Beauty  Part One

            I keep saying we've got to find another word for "beauty,"

            Dame Helen Mirren said as she waited for her cue backstage

            at a catwalk show in Paris. I think we should start calling it

            "character" instead of beauty, because that's really what it is.*

My saga of beauty was themed first by the nurses at my birth, then by my mother. Introducing their firstborn to my parents, the nurses called me "doll face." My mother repeated this story to me—making it my memory as well as hers. We both attached importance to it, although hers I now understand as mother-love and pride, while mine birthed a life lived with a core belief about the source of my worth.*

In fourth and fifth grades, prompted by my mother's asking about my interest in it, I entered a modeling competition sponsored by the Jordan Marsh department store in Boston, Massachusetts and became one of their child models for a year. My photos appeared in full-page color advertisements in the Sunday edition magazines of the two largest papers in Boston. When a fashion show on the nationally syndicated Arlene Francis television program was filmed in the store, I waited with my mother, watching the cameramen set up their cameras. I knew the announcer Hugh Downs from seeing him on television. He and Arlene Francis were smiling and chatting, as they waited too. But the more time that passed, rather than my enjoying the excitement of my opportunity, and the importance of representing Jordan Marsh, the more overwhelmed I became. I told my mother I couldn't model. Instead of helping me to remember the girl I'd been when answering questions on stage in the competition, or the girl talking freely about her activities with the host of the radio show, or the girl posing and smiling for seasonal ads for the newspaper photos—my mother called my dad. He dropped whatever he was doing and drove into Boston. As soon as I saw him, I was fine. This was a pattern that would continue. When I was upset and needed comforting, or when I misbehaved and needed correcting, my mother called my dad, and rather than personally developing my character and building my own inner reliance, my reliance on him developed and grew. The pattern continued to the extent that in my mid-teens I would be told, "You were a problem baby" and "a problem child," and later, before my wedding, my dad said, "You're your husband's problem now." Yet of both parents, he was the one who helped me the most.

By thirty-five, a precipitating time began that foreshadowed my eventual move to India, unknown, of course, at the time. I worried about what I would do for work if I had to—although I now know there was no need for worry. However at that time, my anxiety had kept building. "Suffering from fear, I wasn't helped by my mother who asked what was wrong, as I had a home and family, or my father who in frustration asked if I needed a kick in the ass, or by my being reminded of my accomplishments. I didn't know what was wrong with me."* My parents became exasperated. I responded to this loss of support, and unconsciously found another avenue of consolation that lasted several years, to be followed by years in my early forties of vacillating feelings.

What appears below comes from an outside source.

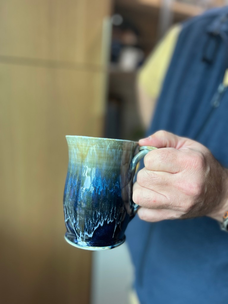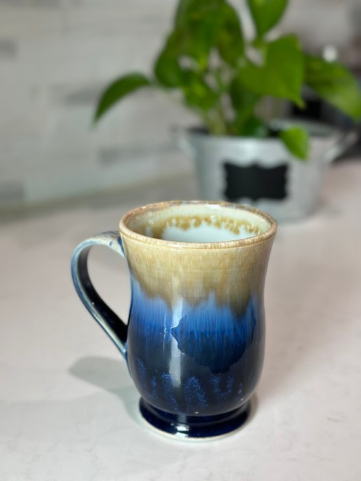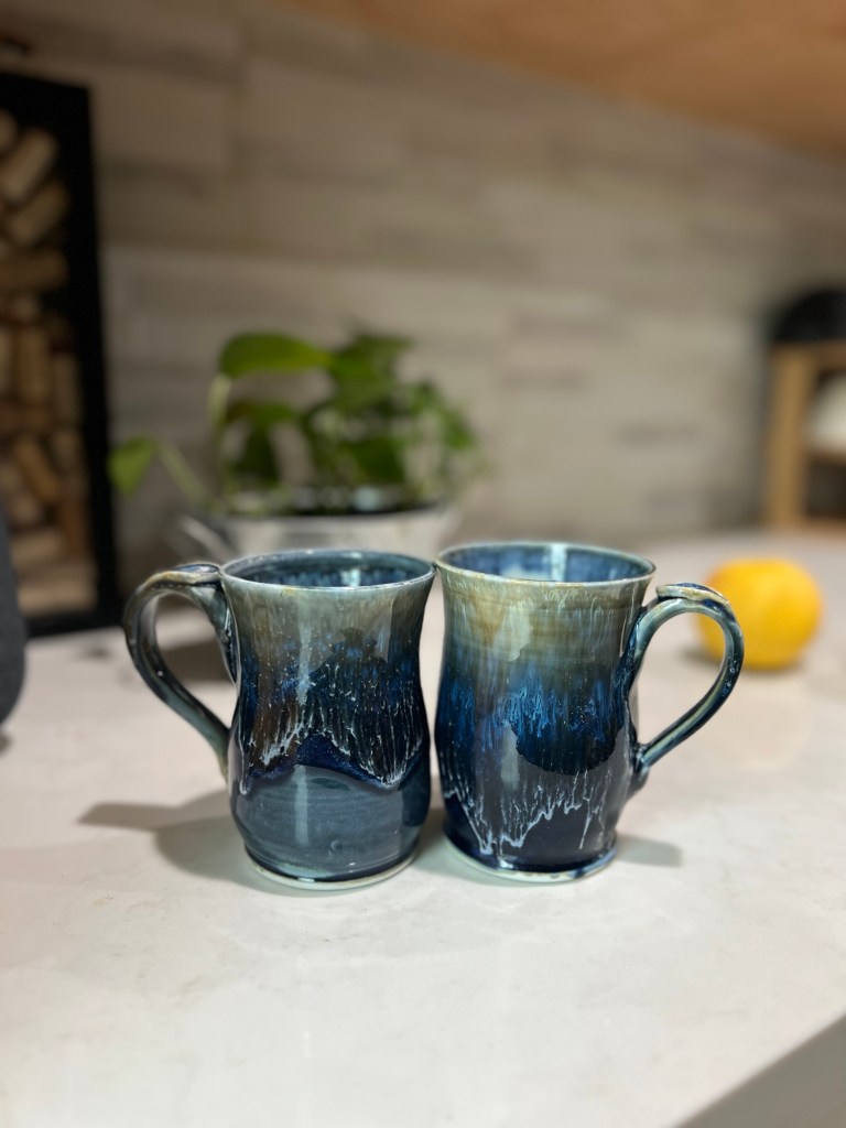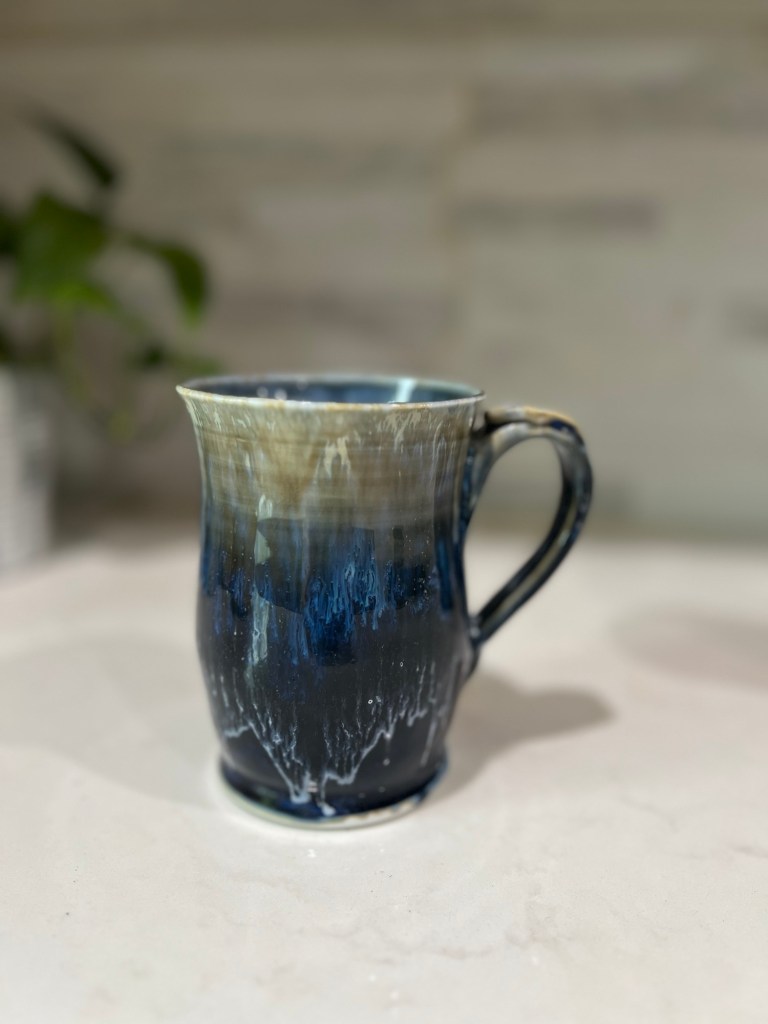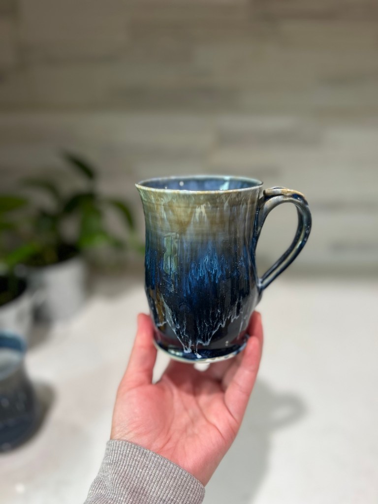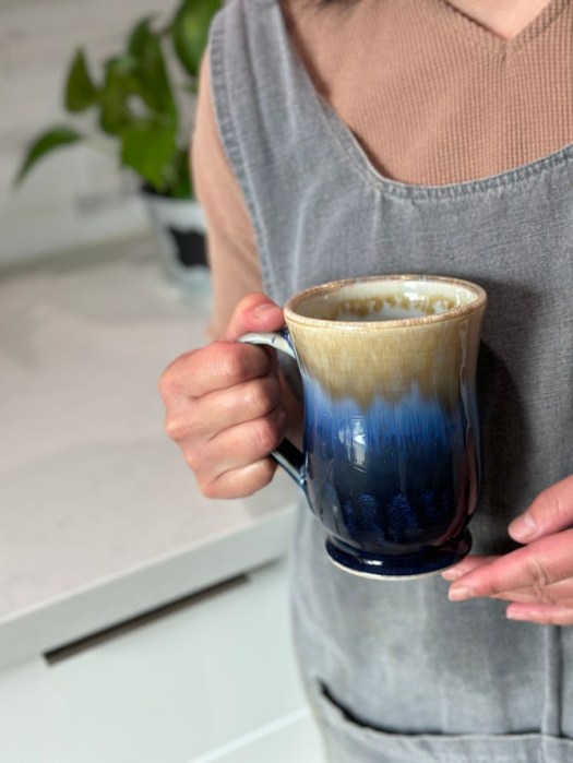 The porcelain clay body beautifully shows off the rich glossy blue glaze.

By my late forties, I was pressed to develop an independent view of myself and also develop strength of character. From one experience, and its consequential turning, I welcomed my difficult undertaking, and then began my successful journey of discovery. Thirty years later, when I saw Dame Helen Mirren's comment, I knew exactly what she meant.

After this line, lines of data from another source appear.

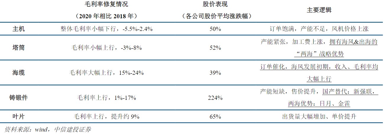 通过对2020年抢装期风电板块走势的复盘:海缆、铸锻件、叶片环节毛利率提升显著;铸锻件环节股价涨幅明显;具有国产替代和两海逻辑的环节、公司股价表现更加强势。
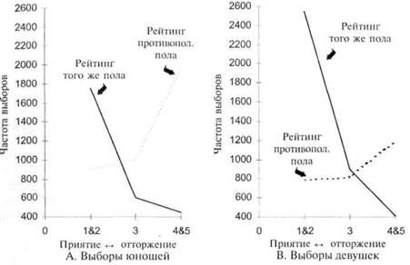 А — остановка; В — очень медленно; С — чуть медленнее; D — с той же скоростью Необходимо отметить, что местоположение пика зависит от того пункта на шкале, на который падает социально обусловленное поведение. Крайние значения реальной J-кривой проявляются не во всех ситуациях социального конформизма. Так степень, до которой напиваются городские взрослые американцы, возможно, предстанет на графике в виде пика, но это не будет действительно крайняя точка, а всего лишь средняя, соответствующая «умеренному социальному уровню». Эта точка, возможно, проявляет максимальный конформизм для групповой практики, но она не отражает ни максимума, ни минимума в питейном поведении. Важна не сама по себе J-кривая, но, скорее, тот факт, что изменения в графике распределения могут быть инспирированы социальным конформизмом. J-кривая — это всего лишь конкретный пример, вызванный этим фактором. Мимоходом добавим, что кривая на рисунке 18 на самом деле представляет собой обращенную в другую сторону J, которую точнее можно назвать L-кривой. Но по договоренности все подобные очень сильно скошенные кривые принято называть J-кривыми, безотносительно к тому, является ли пик левым или правым крайним значением. Конечно, положение шкалы может быть произвольно изменено так, чтобы пик находился слева или справа. Несколько иное применение понятия J-кривой дается в недавно проведенном исследовании юношеского поведения в отношении ровесников (20). В этом исследовании 629 студентам-первокурсникам дали списки с именами их одногруппников (в группе в среднем 35,5 человек) и попросили проставить напротив имен номера от 1 до 5, соответствующие следующим утверждениям: «Хотелось бы, чтобы он был моим лучшим другом», «Хороший друг», «Не дружеские, но нормальные отношения», «Не знаком с ним» и «Чужой человек в группе». Для построения таблицы исследователь соединил первые два рейтинга в категорию «принятие», последние два — в категорию «изоляция и неприятие», а центральный — выделил в качестве категории «пассивного принятия, или терпимости». Результаты распределения изображены на рисунке 19. Два графика в части А показывают рейтинги, данные юношами другим юношам и девушкам в своих группах. Соответствующие графики рейтингов, данные девушками, показаны в части В. Согласно мнению исследователя, эти графики показывают конформизм, присущий в нашей культуре большинству юношей и девушек в возрасте полового созревания или немного моложе. Как следствие, они отражают широкое принятие испытуемыми тех, кто относится к одному с ними полу и возрасту в сочетании с тенденцией избегать представителей противоположного пола — эта тенденция сильнее в юношах, чем в девушках.
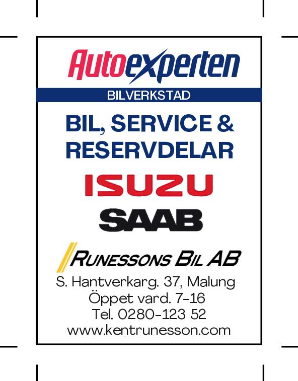 Tel. 0280-711 10 • Lisellska Torget 3, MALUNG • Följ oss på

My realization is, "What we accomplish, seemingly in private, sparkles when we find the changes we've accomplished in print—spoken or written by an admired public personality."


*  https://edition.cnn.com/style/article/helen-mirren-beauty/?hpt=ob_blogfooterold

*  Until I was seventy-five, I had wrongly believed that I had been loved by my parents for my
   beauty and my school achievements. I wrote more about this in an earlier blog. See
   https://www.purelyprema.com/welcome/2019/4/17/2018-diving-deep?rq=Diving%20Deep

*  Prema Jasmine Camp, "Beginnings and Endings" in A Flower for God, in pre-publication.